Hats off to Barrick

I don’t believe in the health of the stock market at large. It has further to fall in my opinion. Nationally it seems we are being feed the idea that the worst is behind us in terms of this financial crisis, and that reassuring message seems to have gotten people back into the stock market. It’s a classic suckers rally that is only going to end badly for investors. Paradoxically, the modern investment mantra of “stocks for the long haul” and using diversity as a means of protection is just going to guarantee that the average investor will feel the full weight of this next leg downward. Gold, on the other hand, has a bright future.

I’ve made a great deal of money trading shares of Barrick Gold (ticker symbol ABX) over the past twelve months. It’s a company I follow quite closely. I feel its one of the few great investments available in the stock market as it allows for you to gain leveraged exposure to the rising gold price while at the same time holding a stock that is paying you dividends. While the oblivious investors of the world are foolishly plowing their money into stock market index funds without the slightest clue as to the fundamentals of their underlying investment, I believe, as Henry Ford did (and Warren Buffet does) that its perfectly alright to put all your eggs in one basket provided that you “watch that basket.” Barrick is my egg basket and I watch it quite closely.

Earlier in the year, I took apart their financial projections and put it into an Excel spreadsheet.
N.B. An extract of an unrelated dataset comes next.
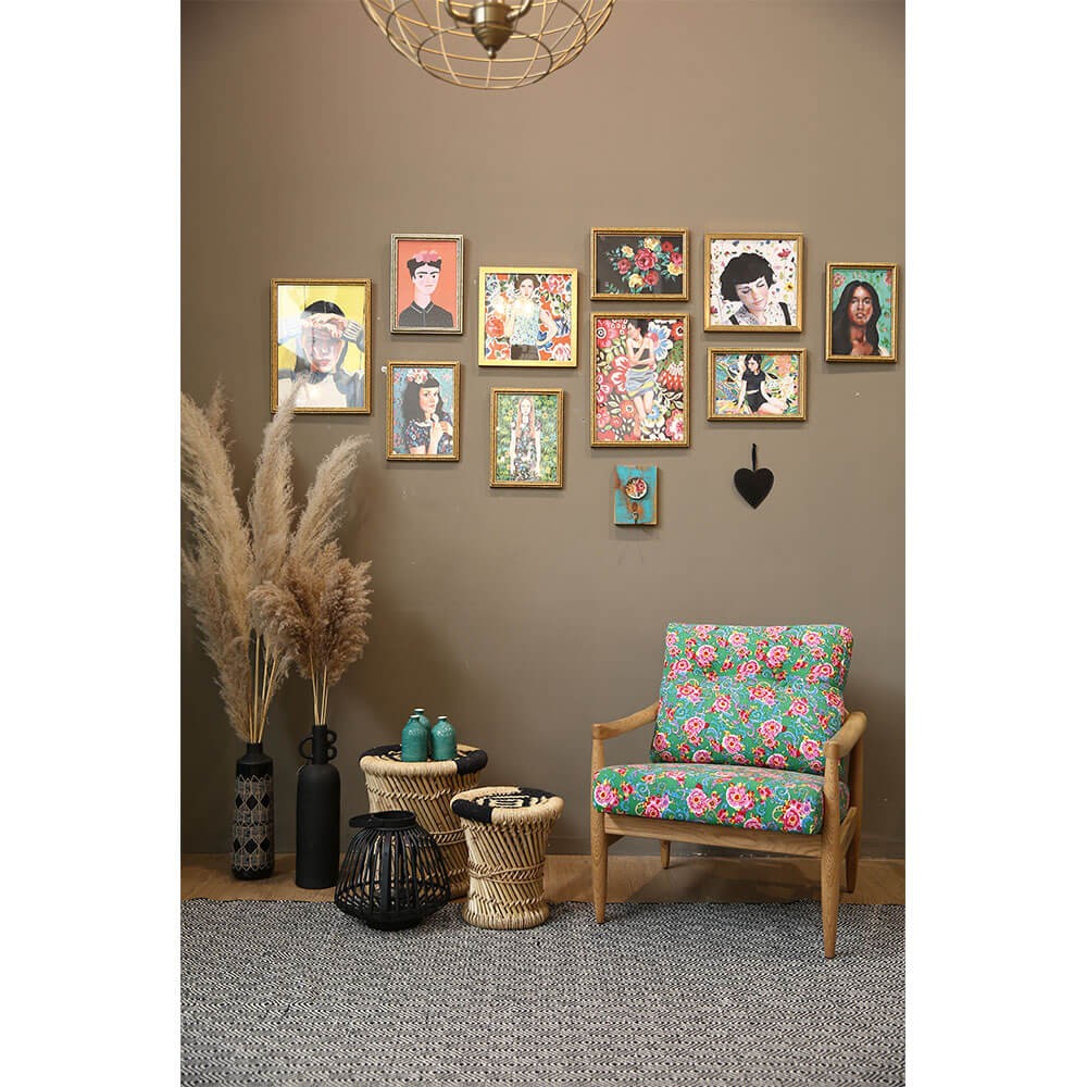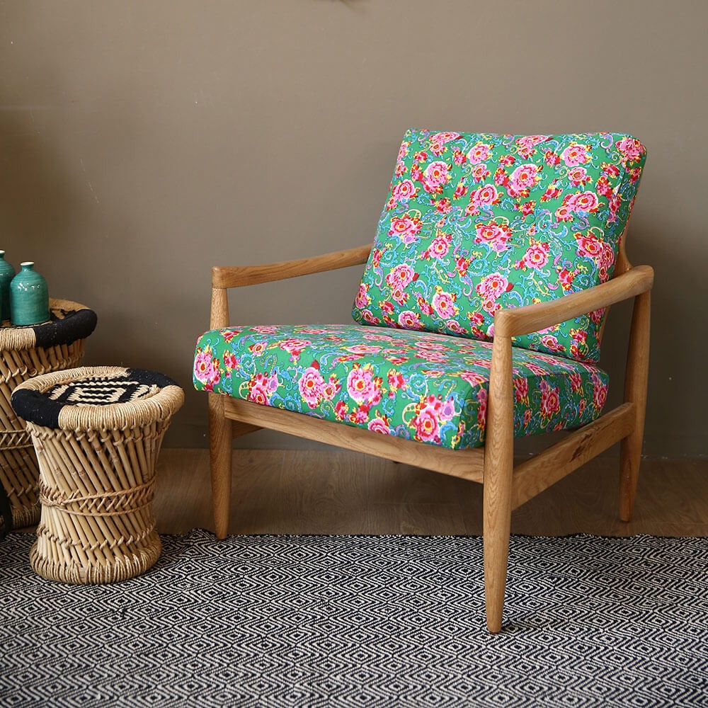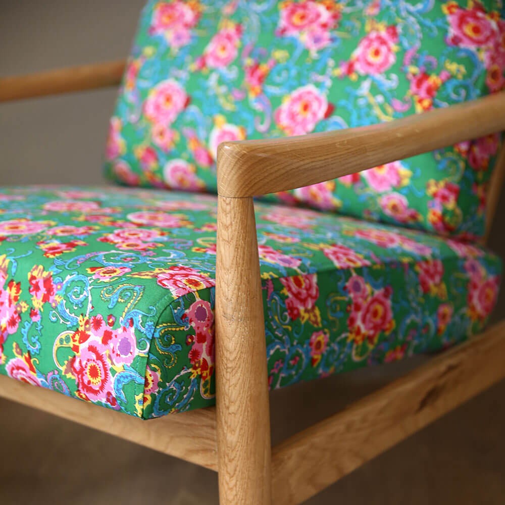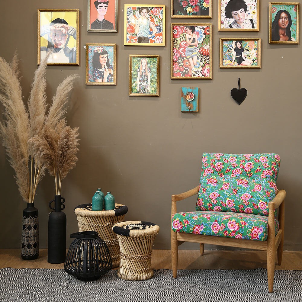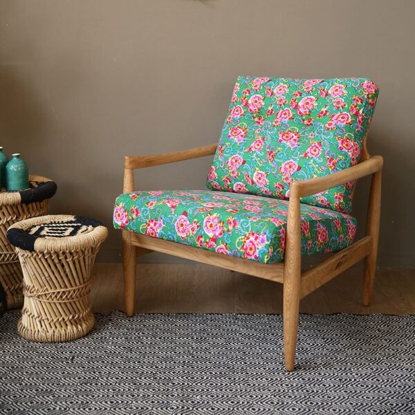 כורסה מעוצבת קים, מרופדת בד בדוגמת פרחים, בעלת משענת בעיצוב ייחודי

My own estimate as to what the company would earn was around $1.65 a share for the year, and that’s the figure I kept in mind when I was trading Barrick. I figured that the eventual broad-based stock market downturn would not allow companies to enjoy huge premiums in their price-to-earnings ratio, so I was reluctant to hold Barrick at a PE ratio greater than 20. Using my figure of $1.65, that put the maximum price I was willing to pay for Barrick at $33. This outlook encouraged me to buy Barrick when it dipped below $30 and sell Barrick at anything over $35. That generous range is what the stock has been trading in all year, and it’s more than enough of a range to show a decent profit by simply buying low and selling high.

I now have to factor in some new information, however, because Barrick just released their 2nd Quarter results. Their production is ahead of schedule and they’ve been able to keep their costs down. it now looks like a reasonable estimate for their 2009 earnings is going to be closer to $2.12 a share. Factoring in a PE ratio of 20, that makes Barrick an excellent buy at anything under $40. Currently it’s at $35, and I’m looking to increase my exposure to it. I just don’t see that this company stock has any real downside at this price given it’s recent performance, the gold’s potential to rise as this crisis drags on.